In a strange way, the measurement of time depends on the time at which it is measured. Some segments of the time line are measured relative to one origin, and some to another. To map an event into a date-time measurement, you not only have to know where on earth you are, but where you are on the time line. Time is a function of place and time:
This dependence of time measurement on time and place affects the determination of:
and causes a number of anomalies.
The date of an event can be affected by time zone and DST. For one party in a phone call it could be Monday while for the other party it is Tuesday. That could occur even within the same time zone around midnight, between regions which do and don't observe DST. In these cases, if both parties are maintaining a log of phone calls, they will be recorded as occurring on different dates.
Date and time are ambiguous references to the time line, unless supplemented with some knowledge of place. This knowledge of place determines both the time zone and whether or not DST might be in effect. Quite often we assume the "local place" as an implicit qualifier.
Given the date and time of two events, the computation of the interval between them can get complicated. Without taking time zones and DST into account, we might have a message arriving before it is sent. We might have events which actually occurred up to 25 hours apart being recorded with the same date. The elapsed time from midnight to midnight at a given location might be 23, 24, or 25 hours. (Does that constitute one day?) The interval between 2 and 3 AM on certain Sunday mornings might be zero hours, or two. (Are there two occurrences of 3 AM on some of those mornings? Can events occurring an hour apart occur at 3 AM?)
Birthdays and hire dates are slightly imprecise measures of relative age or seniority. People born at the same moment might have different birthdays, and people born up to 24 hours apart might have the same birthday. (That could even be 25 hours, with DST considered.) In fact, a person born at a later time could have an earlier birthdate. Such concerns might become non-trivial when inheritances, or layoffs, are at stake.

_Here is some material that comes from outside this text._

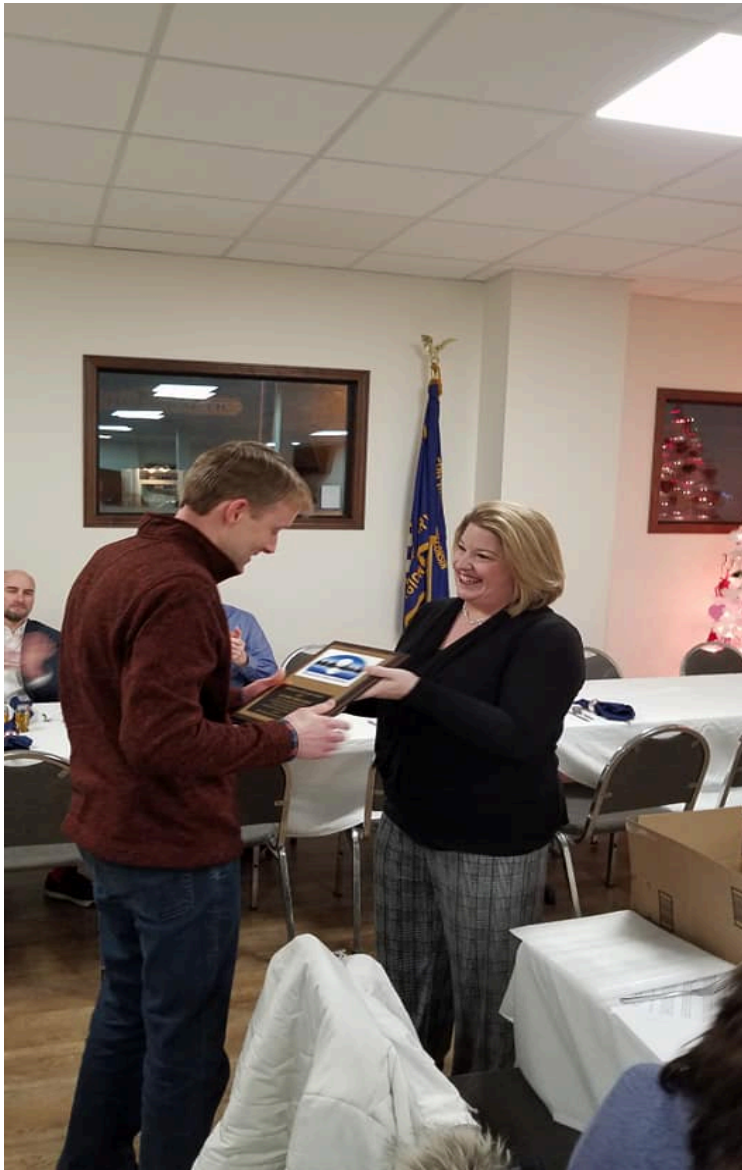
Business of the Year LeCoulee Cheese Castle

A common solution to such problems is to adopt a single global time reference for the time line, independent of time and place. That's precisely what Greenwich Mean Time (GMT) is. One difficulty with the solution is that it is not universally used, nor universally usable. We have a strong urge to keep our local senses of the appropriate times for sunrise and sunset and meals, and local time will continue to be used. Thus one needs to know whether an expressed time is local or GMT; and the algorithm for converting between local time and GMT still suffers from the anomalous time and place dependencies. Furthermore, conversion to GMT distorts dates. Recording birthdays in GMT would change the birthdays of possibly half the people in the world.
Other minor computational problems have already been mentioned. Dates are not quite as well behaved as other mixed radix measurements because the sizes of the units are irregular. Months have different numbers of days, years have different numbers of days, and one notorious month has different numbers of days in different years.
Even the correct leap year computation is not widely known. Not every fourth year is a leap year; centuries are only leap years modulo 400 (three centuries out of four are not leap years).
We have problems with the representation of date and time, though many of the problems are common to the representations of any measured quantities.
The basic phenomenon involved is the mapping of a measurable item to a character string. The mappings are complex, and many mappings are possible, yielding many possible character strings for the same item.
The mapping of a measurable item to a character string involves choices in the following variables:
Accuracy and precision of measurement is something we will largely ignore here. We have enough difficulty with the representation of a single ideal measurement.
Choice of origin doesn't present a problem, when the boundaries of a measured item are defined. But occasionally they are not. In order to identify the location of some physical point, a reference point or coordinate system must be established. The measurement of distance to a city depends on the reference point chosen in the city. For date and time, the origin point is affected by the calendar system, the time zone, daylight saving time, and the choice between 12- and 24-hour clocks. Different calendar systems, such as the Jewish or Chinese, are based on origin points different from the Gregorian calendar in common use. Sometimes the origin is arbitrarily shifted: we lost ten days in the reform from the Julian to the Gregorian calendars, when Oct. 5, 1582 became Oct. 15, 1582.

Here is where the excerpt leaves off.